I think also of those many widows of 80 whose husbands lost their lives in pits and other industries throughout the years, who have struggled to make ends meet, who do not know what it is to have more than a few pence to scrape together three days after they have drawn their miserable pensions. I think of the blind people in their eighties and the way in which they have been treated by successive Governments, and of some of the motions that have appeared on the Order Paper from time to time over the years when I have been a Member of Parliament, when little help has been given, apart from that given under the last Government.

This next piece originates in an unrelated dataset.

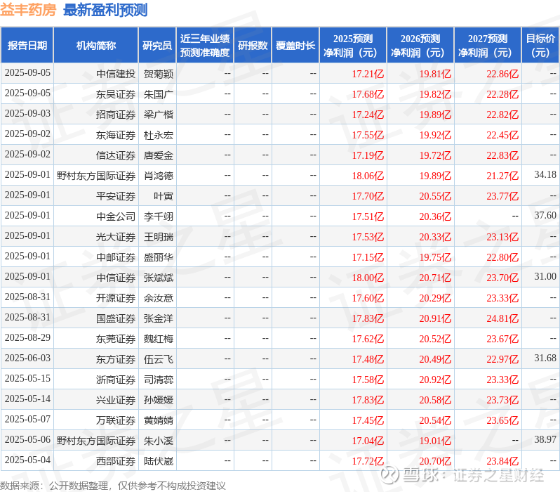 益丰药房(603939) 公司公布25年半年报,上半年公司实现营业收入117.22亿元,同比减少0.35%;实现归母净利润为8.80亿元,同比增长10.32%;实现扣非归母净利润为8.57亿元,同比增长9.08%。公司持续执行降本增效战略,且线上业务多元化创新持续发展,我们看好公司的长期发展,维持买入评级。 支撑评级的要点 25年上半年平稳发展。分行业来看,公司上半年零售业务实现收入101.99亿元,同比减少1.91%,毛利率为41.99%,较去年同期增加1.04个百分点;加盟及分销业务实现收入11.69亿元,同比增长17.20%,毛利率为10.97%,较去年同期增加1.41个百分点。分季度看,公司二季度单季实现营收57.13亿元,同比减少1.36%;归母净利润为4.31亿元,同比增长10.13%。上半年公司营收下降利润增加,主要系公司在2024年和今年上半年根据行业及经济发展状况及时做出策略性调整关停了部分门店,并放缓新店拓展,上半年,公司自建门店81家,关闭门店272家,新增加盟店208家,这导致2025年半年度营收同比略有下降。与此同时,通过部分门店关停、降本增效以及经营策略调整,公司盈利能力持续提升。 坚持“区域聚焦”战略,会员人数不断提升。公司始终坚持“区域聚焦、稳健扩张”的发展战略和“重点渗透、深度营销”的经营方针,公司通过门店网络的合理布局,迅速占领区域市场,截至2025年6月30日,公司在湖南、湖北、上海江苏、江西、浙江、广东、河北、北京、天津十省市拥有连锁药店14,701家。会员方面,公司累计会员人数达1.1亿,同比提升14.59%,会员销售占比为84.93% 线上业务持续发力,多元化创新有望为行业带来新增量。公司加快布局O2O渠道,上半年公司O2O直营门店超过10,000家,覆盖范围包含公司线下所有主要城市,上半年,公司互联网业务实现销售收入13.55亿元(含税),其中,O2O销售收入9.44亿元(含税),B2C销售收入4.11亿元(含税)。2025年4月,商务部、国家卫生健康委、国家药监局等12部门联合印发《促进健康消费专项行动方案》,首次系统规划健康消费领域的发展路径,并将零售药店定位为“健康促进核心场景”,引导零售药店拓展健康促进、营养保健等功能。支持“互联网+”医疗服务模式创新,依托全国统一的医保信息平台,深化医保电子处方应用,推动电子处方在定点医药机构顺畅流转,满足便捷医药服务需求。药品零售行业迎来多元创新的新阶段,看好公司的长期发展。 估值 受宏观经济影响,公司调整开店政策,使收入端受到一定影响,基于此,我们调整了公司的盈利预测,预测25-26年归母净利润为17.52/20.67亿元,原预测为(20.36/25.12)亿元,预计2027年归母净利润为22.72亿元,25-27年EPS分别为1.44/1.70/1.87亿元,对应PE为18.1/15.4/14.0倍,考虑到公司虽然关闭了部分门店,但持续执行降本增效战略,且线上业务、多元化创新持续发展,我们看好公司的长期发展,维持买入评级。 评级面临的主要风险 公司降本增效效果不达预期;公司线上业务销售不达预期。

I think also of those 80-year-olds who have been in contact with me about the massive increase in the price of home helps, which was brought about once again by the Tory Derbyshire county council, and the increase in meals-on-wheels charges.
I read in the newspapers recently that the Queen Mother always seems to manage to dress correctly for the occasion. I know many 80-year-old women in my constituency and outside who do not have the opportunity to find dresses for the right occasion. I know—as, no doubt, you knew in your youth, Mr. Speaker, in South Wales—many 80-year-olds who, in their lifetime, had to take in washing, when poverty was at its greatest. The old now suffer from attacks similar to those that were perpetrated then. They take in washing to make ends meet.

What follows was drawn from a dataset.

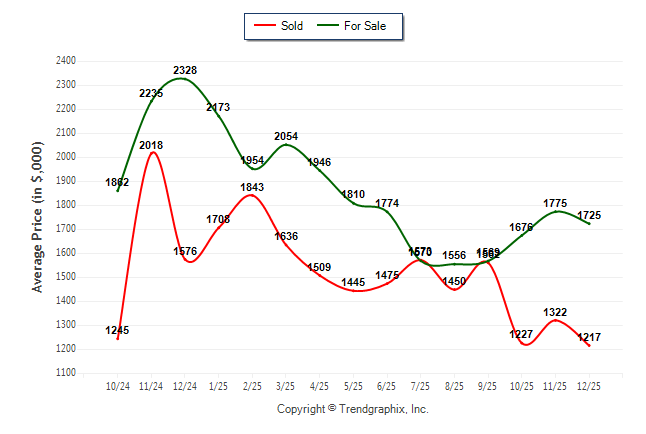December 2025 Average For Sale Price was Neutral and Average Sold Price was Depreciating**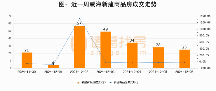 根据威海市住房和城乡建设局数据显示,2024年12月06日威海新建商品房成交25套,较昨日减少3套,环比下降10.7%

Many 80-year-olds have sons and daughters who are being thrown on the dole. Many of the sons and daughters and grandsons and granddaughters who were in work previously were able on many occasions to provide a few extra shillings to help out their elderly people.
1762 I think of the over-80s who have arthritic hips and need them replaced but find that they cannot have that done soon enough because of Government expenditure cuts. I think of the old men who worked in the pits and who are staggering about with pneumoconiosis. Some of them need heart pacemakers but, because of the Government's cuts, they are unable to get them. I think of the miserly, miserable attack that the Government made—
§ Mr. SpeakerOrder. I am doing my best to follow the argument of the hon. Member for Bolsover (Mr. Skinner). He must direct it to the question whether the motion should be accepted.
§ Mr. SkinnerI thought that I made it clear at the outset, Mr. Speaker, that I was concerned not with a narrow motion but with one that indicated the compassion of the House for all those aged 80 years and more. That is why I felt that my manuscript amendment to this all-party motion could be accepted.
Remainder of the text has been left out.